Following the training phase, we tested the model inferencing on new data. As shown in Figure 2, the left image presents the anomaly-free dataset used for training, while the right image displays the dataset, embedded with anomalies, used for inferencing. The accompanying graph effectively highlights how deviations from the established power curve, marked in blue, are accurately identified as anomalies, marked in red, by the model. It’s important to note that the right graph displays the values of wind speed and power normalized between 0 and 1, a necessary preprocessing step to match the autoencoder model’s expected input format.
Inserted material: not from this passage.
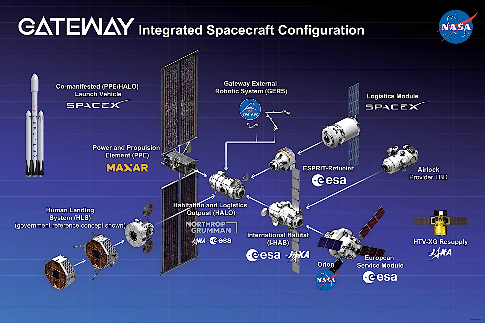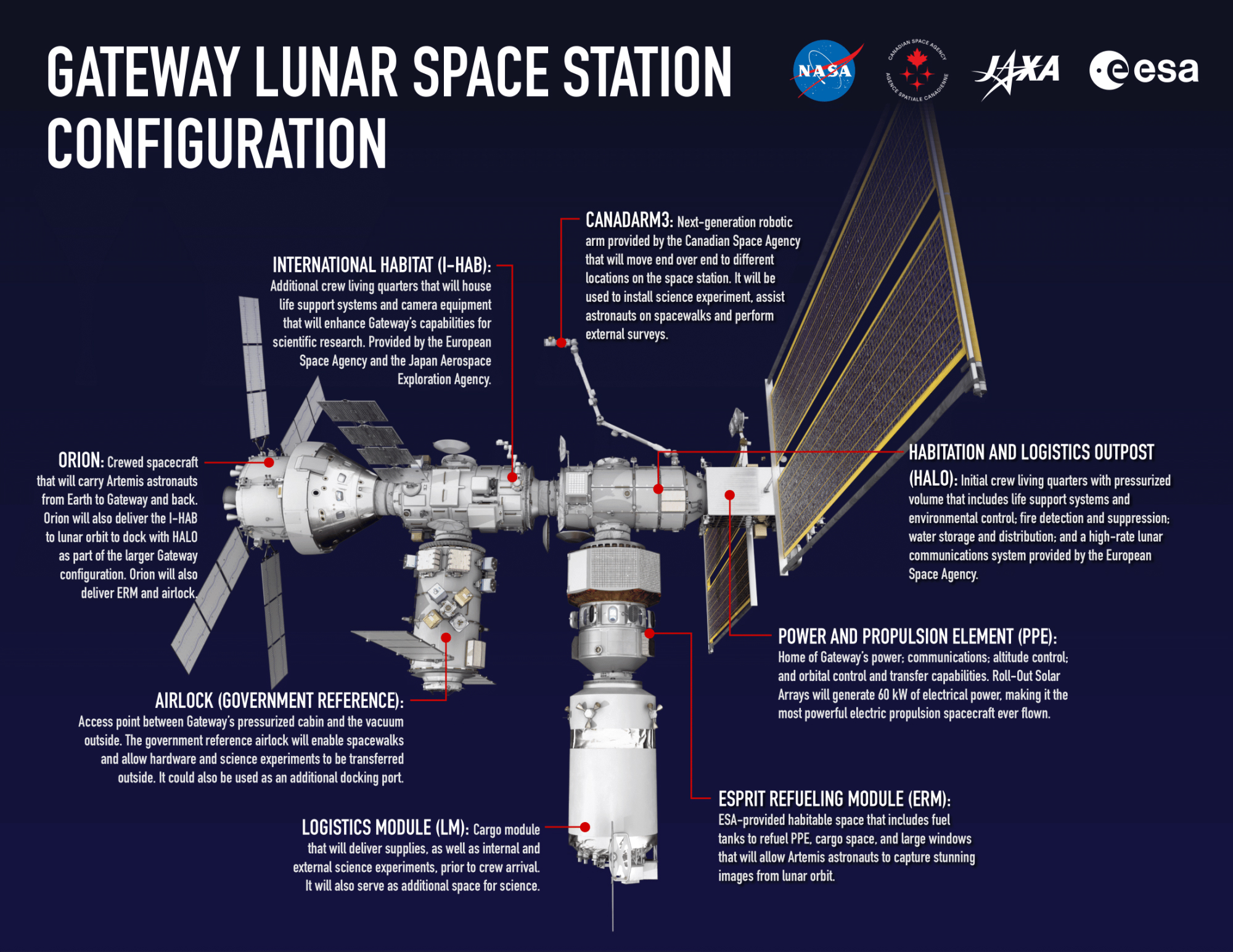 - PPE (동력 및 추진 요소), 화물 물류와 달, 지구 및 심우주 관찰을 위한 창에 연료를 공급할 ERM (Esprit 연료 공급 모듈)

Step 3: Model Deployment and Endpoint Creation

After training the Autoencoder model, we proceed to its deployment on Amazon SageMaker. SageMaker simplifies this process by offering the necessary libraries to efficiently load and deploy the trained model. Additionally, it facilitates the generation of a unique endpoint, ensuring seamless access to the model for real-time data analysis.

# Import necessary librraies
import boto3
import numpy as np
import os
import pandas as pd
import re
import sagemaker
from sagemaker.tensorflow import TensorFlowModel
from sagemaker.utils import S3DataConfig
import shutil
import tarfile

# Retrieve role, session and bucket details
role = sagemaker.get_execution_role()
sm_session = sagemaker.Session()
bucket_name = sm_session.default_bucket()

# Export the Autoencoder model developed in the previous step
autoencoder.save("export/Autoencoder/1")
with tarfile.open("autoencoder.tar.gz", "w:gz") as tar:
    tar.add("export")

# Upload the model to S3. Use your BUCKET_NAME
s3_response = sm_session.upload_data("autoencoder.tar.gz", bucket="<BUCKET_NAME>", key_prefix="model")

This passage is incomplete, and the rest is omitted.